By Anonymous Anonymous, at Thu Oct 02, 05:37:00 PM:

Focusing on CRA ignores the elephant argument: regardless of which law, the Congress, led by Dodds Shumer Frank, dictated the rules by which Fannie and Freddie lost over $3 Trillion.

Follow the money, you win the ideological argument by default. Follow the ideological argument, and the money is forgotten in the rush to defend housing for all. It's the money that matters most, even to those who want to preserve and defend low income housing.  

By Blogger MEANA55, at Thu Oct 02, 06:09:00 PM:

anonymous,

Yes. I agree 100% that you have stated the argument as it should be made. The GSEs created an enormous loss of capital while the quasi-public stewards were looting the place.

What I am railing against is the Jedi mind trick of "the CRA is not to blame, don't go there." Heck, the article that TigerHawk linked even puts this argument in a parenthesized paragraph as though it's an aside in a screenplay.

Linking the GSEs and Schumer-Frank-Dodd to the CRA and then asserting that the CRA is not to blame is a subtle throwing of the race card. Anyone who reflexively defends the CRA needs to ask himself why he lets himself be mind-tricked in this fashion. The corollary to accepting CRA as a civil rights thing—thereby making it automatically *good* no matter what the outcomes—is that the Fannie and Freddie shenanigans were also a civil rights thing and the guilty parties deserve a pass because their hearts were in the right place.

People are going to refuse to see the elephant on the table until the CRA can be impeached in polite company. Until then, the CRA is a 100% effective racialism cloaking device, and the elephant may as well not be there.  

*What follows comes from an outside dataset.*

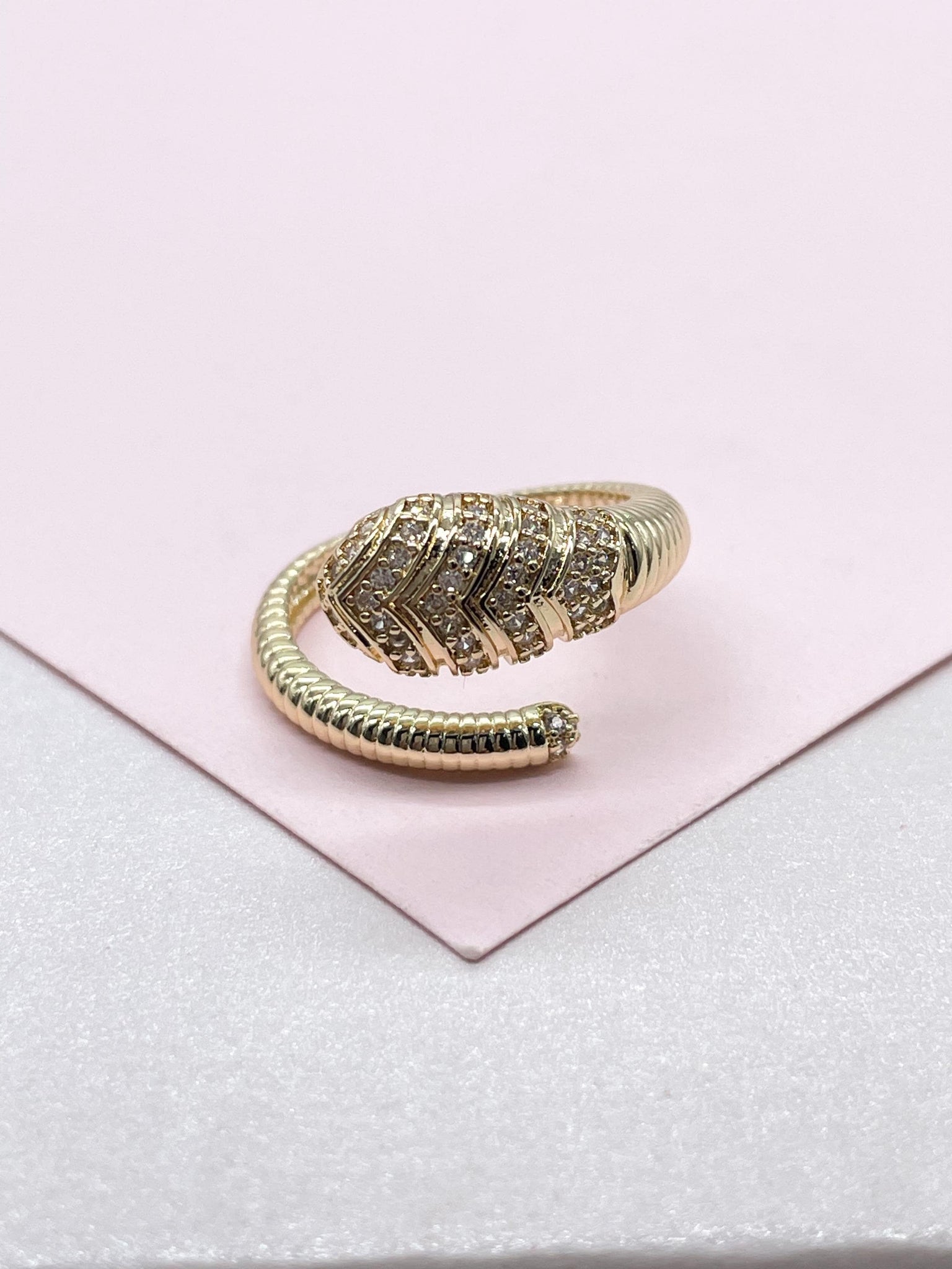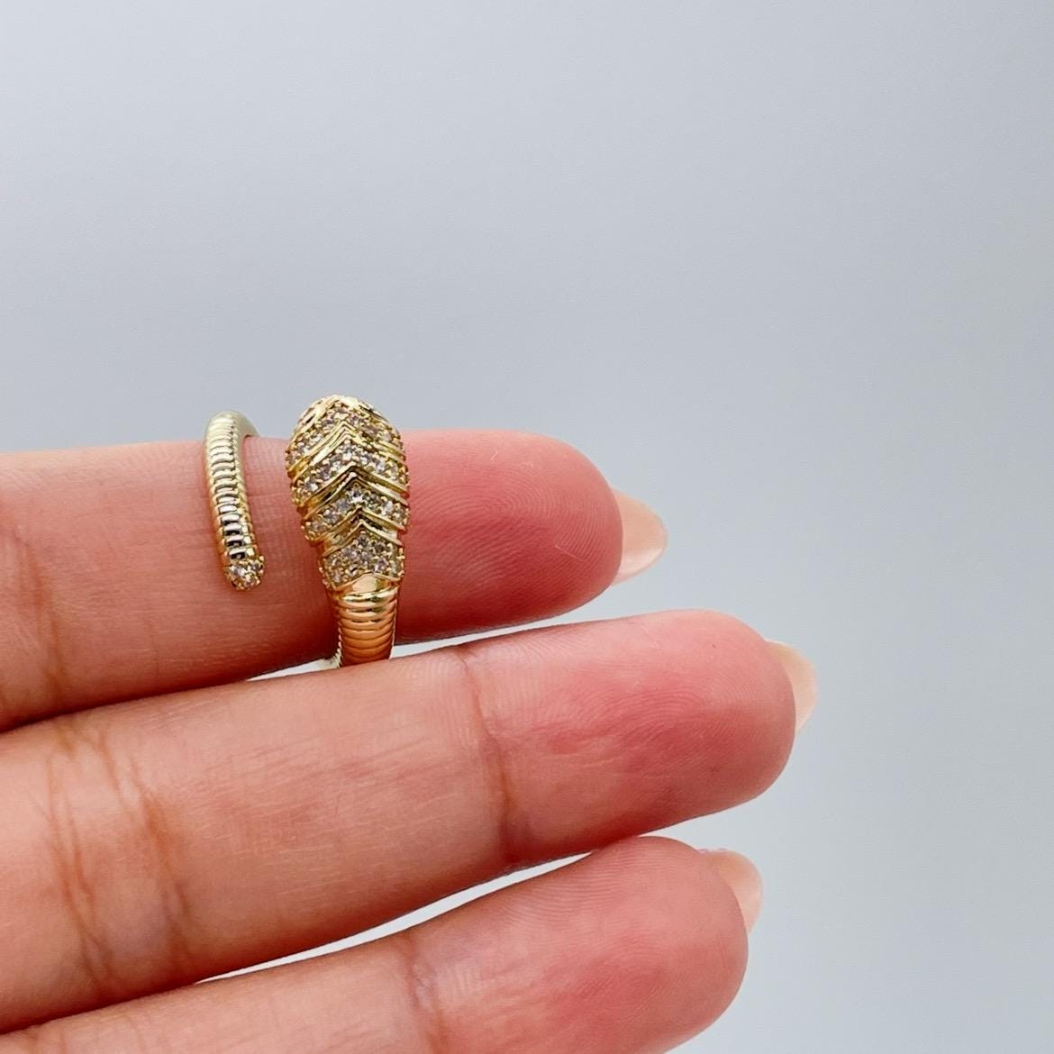 18k Gold-filled Adjustable Serpent Ring with rowed textures and CZ Stones

By Anonymous Eric the Red, at Thu Oct 02, 11:50:00 PM:

Meana55, no one made companies buy the CDOs or other derivative mortgage instruments and pad their balance sheets. No one made these companies value them at ~par. No one made banks lend to one another, relying on the value of these securities.

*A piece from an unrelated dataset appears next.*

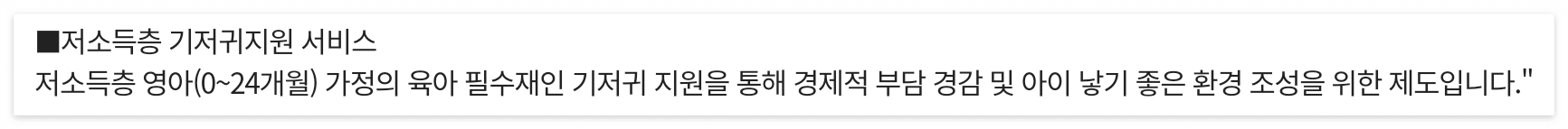 저소득층을 대상으로 아기 출산 후 0개월에서 24개월까지 기저귀 구매비용을 일정비용을 지원해주는 혜택입니다.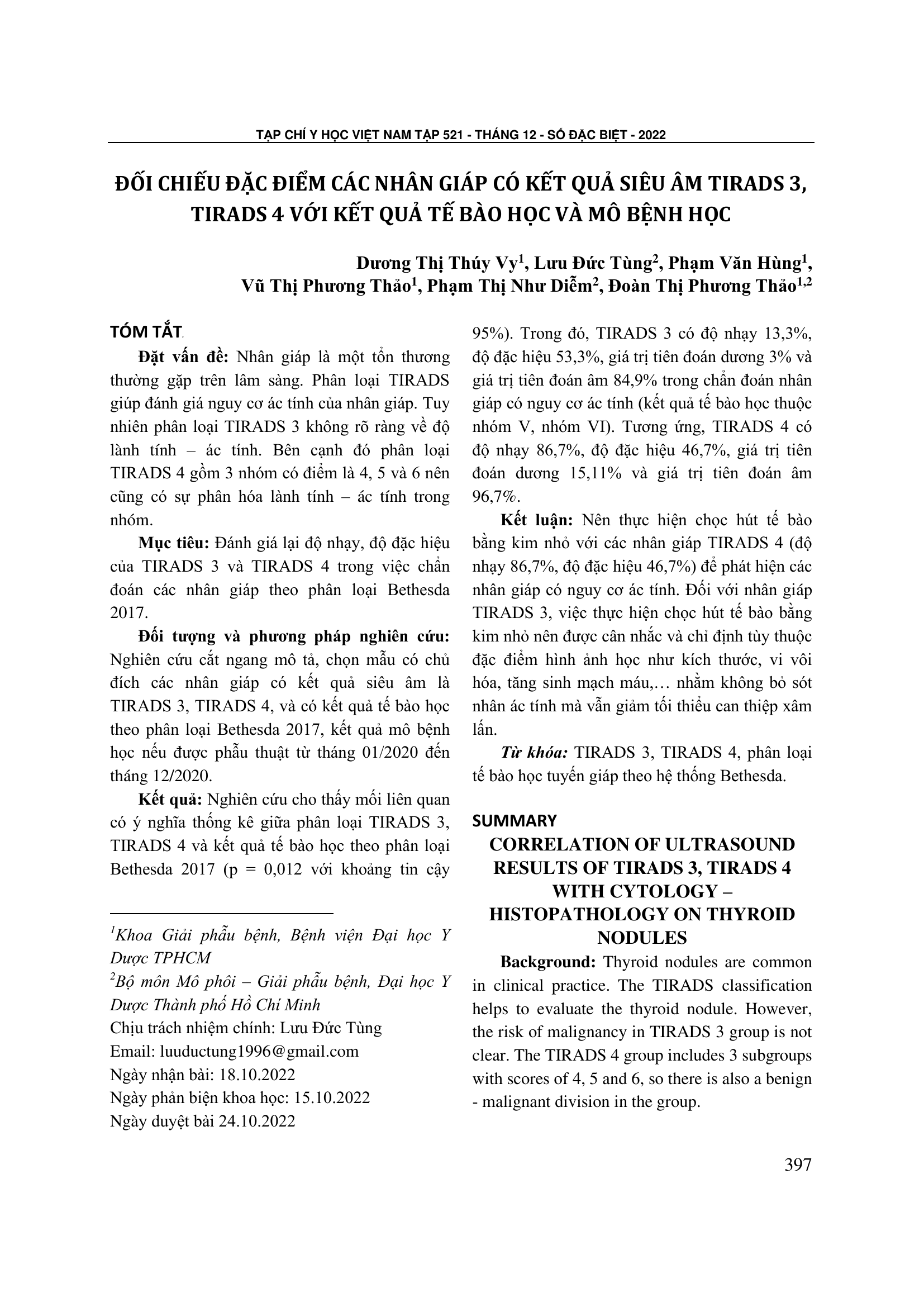 Đánh giá lại độ nhạy, độ đặc hiệu của TIRADS 3 và TIRADS 4 trong việc chẩn đoán các nhân giáp theo phân loại Bethesda 2017. Đối tượng và phương pháp nghiên cứu: Nghiên cứu cắt ngang mô tả, chọn mẫu có chủ đích các nhân giáp có kết quả siêu âm là TIRADS 3, TIRADS 4, và có kết quả tế bào học theo phân loại Bethesda 2017, kết quả mô bệnh học nếu được phẫu thuật từ tháng 01/2020 đến tháng 12/2020. Kết quả: Nghiên cứu cho thấy mối liên quan có ý nghĩa thống kê giữa phân loại TIRADS 3, TIRADS 4 và kết quả tế bào học theo phân loại Bethesda 2017 (p = 0,012 với khoảng tin cậy 95%). Trong đó, TIRADS 3 có độ nhạy 13,3%, độ đặc hiệu 53,3%, giá trị tiên đoán dương 3% và giá trị tiên đoán âm 84,9% trong chẩn đoán nhân giáp có nguy cơ ác tính (kết quả tế bào học thuộc nhóm V, nhóm VI). Tương ứng, TIRADS 4 có độ nhạy 86,7%, độ đặc hiệu 46,7%, giá trị tiên đoán dương 15,11% và giá trị tiên đoán âm 96,7%. Kết luận: Nên thực hiện chọc hút tế bào bằng kim nhỏ với các nhân giáp TIRADS 4 (độ nhạy 86,7%, độ đặc hiệu 46,7%) để phát hiện các nhân giáp có nguy cơ ác tính. Đối với nhân giáp TIRADS 3, việc thực hiện chọc hút tế bào bằng kim nhỏ nên được cân nhắc và chỉ định tùy thuộc đặc điểm hình ảnh học như kích thước, vi vôi hóa, tăng sinh mạch máu,… nhằm không bỏ sót nhân ác tính mà vẫn giảm tối thiểu can thiệp xâm lấn.

The free market did all of that for us, proving once again that people cannot be trusted to not do stupid things in large numbers. This magical, culpable, dastardly regulation you seek that brought this situation on us doesn't exist, because there existed too many junctures for personal choice on the road to where we are now.

If you want to blame someone, blame the invisible hand. Blame won't prevent it from slapping our financial sector around, however.  

By Blogger Elise, at Fri Oct 03, 12:21:00 AM:

Follow the money, you win the ideological argument by default. Follow the ideological argument, and the money is forgotten in the rush to defend housing for all. It's the money that matters most, even to those who want to preserve and defend low income housing.

Can I hire you as a ghost-writer, anonymous? You managed to say in less than 50 words what I've been struggling to articulate.  

By Blogger MEANA55, at Fri Oct 03, 10:44:00 AM:

eric the red,

You are right. It was the invisible hand that acted as it always can be trusted to do. All the individuals making their personal choices along the road that got us here were maximizing for themselves as best they knew how with the truths they had at hand.

The failure came because the invisible hand functioned as expected in a government-created bizarro world where bad loans were just as good as not-bad loans because the law and exercise of government policy declared them so. What is stupid in an absolute sense was smart in that CRA-created alternate reality, and there you go.

Every pig who grabbed slop from the trough shares some of the blame and deserves whatever ills befall him. Those of us who knew to stay away will get hit with a lot of this, and I am resigned to that. But the root cause is bad social engineering, and the social engineers need to pay for what they have done.